Fairness in repossession
Clarity and consistency are needed over liability for costs of repossession proceedings in the wake of RBS v Wilson
Since the dust settled on the Supreme Court decision of RBS v Wilson in November 2010, the industry has been getting to grips with the new process for repossession actions, which requires a calling-up notice in every case. Many lenders are seeking to have actions which do not comply with the judgment dismissed. But who should be liable for the expense of those actions?
In the period immediately following the decision, the majority of cases were dismissed with no finding of expenses in favour of either party. More recently, however, borrowers (and their agents) have increasingly been seeking an award of expenses in their favour, or alternatively, an undertaking from the lender that no costs associated with non-compliant action will be added to their account.
Solicitors for borrowers have made a number of compelling submissions. Some have argued that expenses follow success, and as the lenders are effectively abandoning the action, they have been unsuccessful. Another argument is that lenders should have been following the case and taken a “belt and braces” approach by issuing calling-up notices. Others have raised issues of fairness, suggesting that lenders are better placed to absorb the costs than borrowers who may already be experiencing financial difficulty.
However, the lenders’ position is simple. The Supreme Court accepted that lenders in Scotland followed a long established procedure, endorsed in the leading case, Bank of Scotland v Millward, and lenders should not be penalised for a change in the application of the law. There is no indication in the dicta that the judgment is designed to penalise lenders. The issue of calling-up notices was not one of the points of appeal, so lenders could not have predicted the shock judgment and its implications.

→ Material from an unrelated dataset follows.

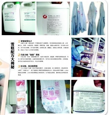 個側(cè)門,進去之后記者看到幾排架子,架子上擺放的幾乎全是香精、色素、添加劑等,包括LJ3355牛奶香精 、香蕉香精 、LJ3364香草淇淋香精 、特純牛奶香精 、復(fù)合食品添加劑 、胭脂紅著色劑、日落黃著色劑 、莧菜紅著色劑等。 ????B 配方揭秘 一粒豆沒有,調(diào)出紅豆、綠豆味 ????草莓味主要靠兩種草莓香精 ????工廠目前主要生產(chǎn)三個品種的雪糕,除了老冰棍、“泡泡”雪糕,還有一種雪丸子也是主打產(chǎn)品。臥底兩天后,5月11日晚上,記者終于見到了晨晨食品有限公司所生產(chǎn)的兩種雪糕的配方。 ????5月11日晚,記者見到了草莓味雪丸子的配方。從配方上可以看到,做出這樣一個雪糕一共用20種配料,其中各種添加劑就有11種,占到半數(shù)以上。包括704穩(wěn)定劑、甜蜜素、阿斯巴甜、乳酸、綠晶3355鮮牛奶、艾爾森2106牛奶,天寧30602草莓、天寧掛葉草莓;三種色素包括香蘭素、胭脂紅、莧菜紅。 ????記者注意到,在配方中,雖然2噸的投料數(shù)量中加入了25公斤的全脂奶粉,但是為了增加奶味,還加入了總計1公斤的牛奶香精。而草莓味的雪丸子雪糕里跟草莓有關(guān)的只有天寧30602草莓、天寧掛葉草莓這兩種草莓香精 ,在2噸的投料數(shù)量中,這兩種草莓香精只有2200克。 ????記者還拿到了另一種雪糕——巧克力味“泡泡”雪糕的配方。情況和草莓味雪丸子類似,這種雪糕也是各種色素、香精等唱主角,例如704穩(wěn)定劑、甜蜜素、阿斯巴甜等。作為一款巧克力味的雪糕,和巧克力有關(guān)的配料僅有兩種,是味佳巧克力怡奶和名花巧克力,均為冷加香精。并且,在2噸的投料數(shù)量中,味佳巧克力怡奶和名花巧克力的投料數(shù)量加起來僅有1800克,也就是說,用占雪糕料的總比例還不到千分之一的巧克力香精,就造出了2噸巧克力味的雪糕。 ????紅豆、綠豆味也是香精調(diào)的 ????5月11日下午,生產(chǎn)經(jīng)理讓記者跟著工人小張,一起去蒸面車間干活,蒸面車間正好在配料室的隔壁。工人小張說,蒸出來的面是做雪丸子用的,是公司所生產(chǎn)的“雪蓮”雪糕的一種。小張給了記者一份丸子面皮的配方,記者注意到,11種用料中,添加劑仍占據(jù)“半壁江山”,除了甜蜜素、阿斯巴甜等甜味劑之外,還有白米粽子香精 、LJ3555秘制紅豆香精、LJ3567綠豆香精這三種添加劑。 ????把所有調(diào)料領(lǐng)完之后,小張開始教記者配料。“咱們做一鍋丸子面皮,用多少料都得按配方來。”說完小張拿出幾個紙杯,放在秤上,打開了秘制紅豆香精的瓶蓋,“紅豆香精倒28克,綠豆香精4克,白米粽子香精32克。”香精瓶蓋一打開,記者立刻聞到濃郁的紅豆和綠豆的氣味。這幾種香精的總重約60克,稱好后,小張將其倒入一大桶水中,攪拌了一下,隨后倒入鍋里蒸面。 ????等到丸子面皮出鍋后,記者仔細(xì)聞了聞,面上還真的有紅豆和綠豆的味道。然而在配料中,記者只看到了兩種香精,沒有紅豆,沒有綠豆。 ????神秘添加劑工人諱莫如深 ????配料之前,記者要跟隨工人小張去庫房領(lǐng)需要的所有原料。庫房的“管家”姓李,小張交給了李師傅一個出庫單,上面寫著丸子面皮的配方表上所寫的11種用料。過了20分鐘左右,李師傅把所有原料配齊。隨后,他神神秘秘地交給小張一個編織袋,“這是另外一種果子粉,你先拿去用。” ????記者注意到,這包“果子粉”袋口已經(jīng)打開,分量不多,僅有半袋。袋子上歪歪扭扭地寫著麻薯淀粉幾個字。這究竟是什么東西?為什么不在配方和出庫單上注明?記者追問,但李師傅不愿多說。 ????回到蒸面車間后,小張開始教記者調(diào)配丸子面皮所需要的料。果子粉是最主要的用料,配方上寫著要加入5公斤。但小張告訴記者,果子粉只加4.5公斤就行,之后再加上0.5公斤這種神秘的“果子粉”。這又是為啥?小張卻支支吾吾說他也不知道。 ????于是,記者就按照小張的吩咐來配料,從手感上,這種“神秘果子粉”較之普通的果子粉要更粗一些。剛干了一會,記者竟然從這袋神秘的配料中拿出了幾塊大石頭,沾滿了面。小張拿著去找李師傅重新?lián)Q了一袋。趁小張不注意,記者掀開了塑料膜,發(fā)現(xiàn)編織袋上寫著“變性淀粉”,是臨沂一家工廠生產(chǎn)的,袋上寫著“食品添加劑”。之后,記者向小張問及有關(guān)“變性淀粉”的事情時,小張卻仍然諱莫如深。 ????C 工作狀態(tài) ????從早7點一直忙到晚11點 ????喝水多就得上廁所,太麻煩了,一直喝得少,習(xí)慣了,就感覺不到渴了。咱們這兒都是流水線,你這邊走了,去上廁所了,前邊的貨到你這兒就得積壓,后邊的人也沒法干活。 ????——工人小麗(化名) ????記者在晨晨食品有限公司暗訪期間,根據(jù)生產(chǎn)經(jīng)理的安排,從早晨7點上班,一直到晚上7點才能下班,中間只有約半小時的午飯時間,基本上吃完飯就要一刻不停地干活。 ????暗訪的第一天,記者從事的是分裝“泡泡”雪糕的工作,除了上廁所和吃飯時間,一直在站著工作,等到晚上下班時,兩腿就跟灌了鉛一樣重。然而,沒想到的是,暗訪第二天,記者工作的強度比第一天還要大。 ????5月11日上午,記者依舊從事“泡泡”雪糕分裝工作,中午,車間的班長張師傅通知記者,下午去蒸面車間干活,記者就跟工人小張成了搭檔。配完料之后,張師傅又通知說,“今天要蒸20鍋面,蒸完才能下班。” ????“今天肯定沒法按時下班了,估計得干到晚上9點左

Furthermore, the actions were not defended on the basis that they were incompetent, and in most cases mortgage rights minutes have been lodged. As the lender’s action is no longer compliant, neither are the mortgage rights minutes, so it is appropriate to dispose of the cases on a no-expenses basis.
Whilst the majority of lenders have been successful in seeking no award of expenses against either party, the courts have given varying reasons.
For example, in Paisley, a sheriff took the view that to award expenses against the lender would be inconsistent with the apparent intention of the Supreme Court. A Glasgow sheriff held that it was not appropriate to penalise the lender who would then pass the charges on to their shareholders. In Perth, the view was taken that the lender should not be penalised for what was, in effect, a change to the law. In Hamilton, a case was dismissed on a no-expenses basis as a mortgage rights minute had been lodged and not a defence challenging competency.
The next issue to emerge will undoubtedly be liability for the expenses of the new actions and the double charging of costs relating to both proceedings, including contractual charges, to the mortgage account.
We have heard of lenders taking completely opposite approaches, with some writing off the expenses of the non-compliant actions, and others intending to charge both sets of costs to the mortgage account. The response to the latter approach remains to be seen.
It is significant that no formal guidance has been issued by either the FSA or the CML in Scotland, despite the publication of a front page article in The Herald on 25 June. The sensationalist and rather misleading headline indicated that lenders had been “beaten” by Scottish householders in relation to the costs associated with having to raise fresh actions for repossession where the earlier action was now non-compliant. It reported that the FSA had “intervened” and warned lenders that they would have to bear any such costs.
Lenders were quick to contact their advisers and it soon became apparent that the FSA had made no formal statement on the matter of costs. This was confirmed by CML Scotland. I have not found on the FSA’s website any reference to any formal statement or guidance being issued.
There is a passage in the Financial Services Consumer Panel Annual Report 2010-11 referring to mortgage repossession costs. It is stated that the Panel challenged lenders’ representations on double charging and, “as a result of their work, the FSA is now monitoring firms’ behaviour”; and that the FSA has spoken to the CML and suggested guidance. If that is the case, lenders have not been appraised of any monitoring or action being taken against them.
Fairness to borrowers is paramount – that is something that we all agree on. The difficulty is how to ensure this when a consistent approach is not being insisted on. Of course, each case has to be treated on its own merits, but further confusion in the press does not help in what can only be described as a very grey area at the moment. Lenders and borrowers alike will be watching closely for further developments.